What to do: Each line below must be reproduced exactly, though the pictures are to be dropped.

Given information:

+--

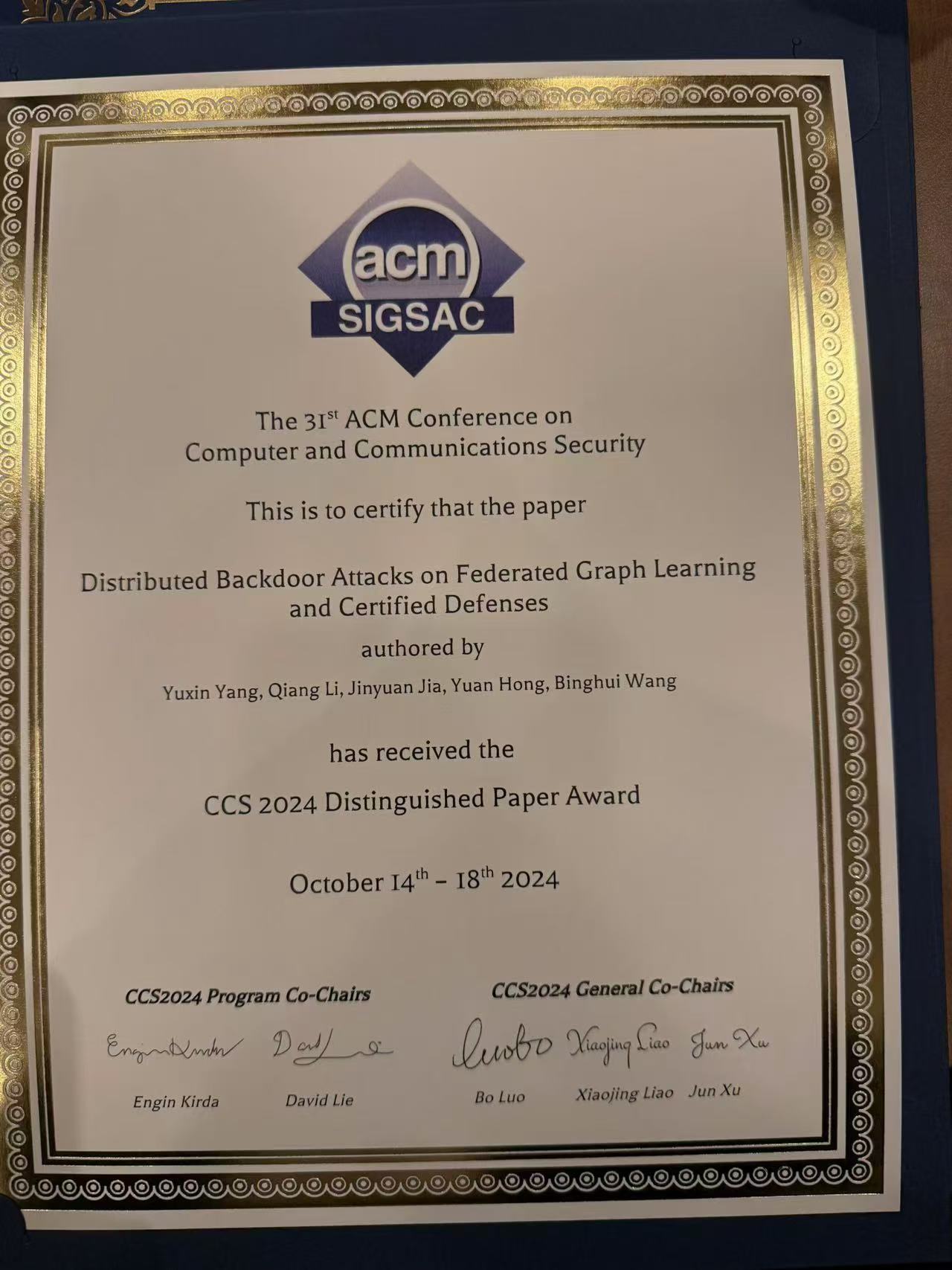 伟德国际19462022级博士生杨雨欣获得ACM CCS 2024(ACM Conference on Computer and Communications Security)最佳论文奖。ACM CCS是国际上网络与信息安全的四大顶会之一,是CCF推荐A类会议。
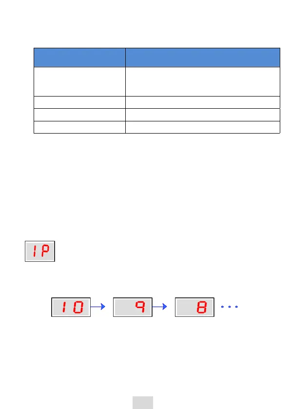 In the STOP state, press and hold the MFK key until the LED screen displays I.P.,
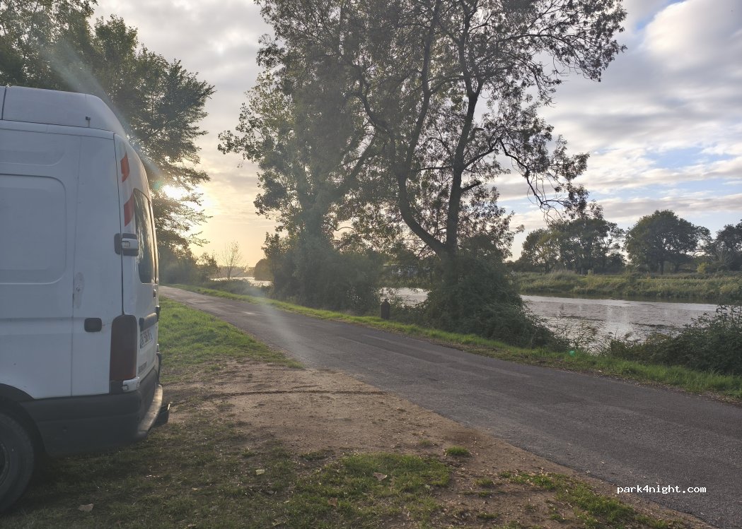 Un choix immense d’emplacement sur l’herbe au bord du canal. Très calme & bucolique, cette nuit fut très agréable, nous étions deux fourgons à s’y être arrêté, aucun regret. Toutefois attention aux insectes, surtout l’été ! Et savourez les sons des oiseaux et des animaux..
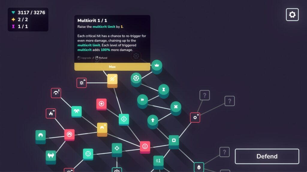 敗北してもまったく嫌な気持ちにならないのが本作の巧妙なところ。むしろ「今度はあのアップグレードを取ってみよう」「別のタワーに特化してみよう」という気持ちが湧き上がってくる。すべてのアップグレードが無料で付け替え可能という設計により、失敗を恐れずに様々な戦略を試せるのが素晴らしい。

+--

Reply to the exercise:
 伟德国际19462022级博士生杨雨欣获得ACM CCS 2024(ACM Conference on Computer and Communications Security)最佳论文奖。ACM CCS是国际上网络与信息安全的四大顶会之一,是CCF推荐A类会议。
 In the STOP state, press and hold the MFK key until the LED screen displays I.P.,
 Un choix immense d’emplacement sur l’herbe au bord du canal. Très calme & bucolique, cette nuit fut très agréable, nous étions deux fourgons à s’y être arrêté, aucun regret. Toutefois attention aux insectes, surtout l’été ! Et savourez les sons des oiseaux et des animaux..
 敗北してもまったく嫌な気持ちにならないのが本作の巧妙なところ。むしろ「今度はあのアップグレードを取ってみよう」「別のタワーに特化してみよう」という気持ちが湧き上がってくる。すべてのアップグレードが無料で付け替え可能という設計により、失敗を恐れずに様々な戦略を試せるのが素晴らしい。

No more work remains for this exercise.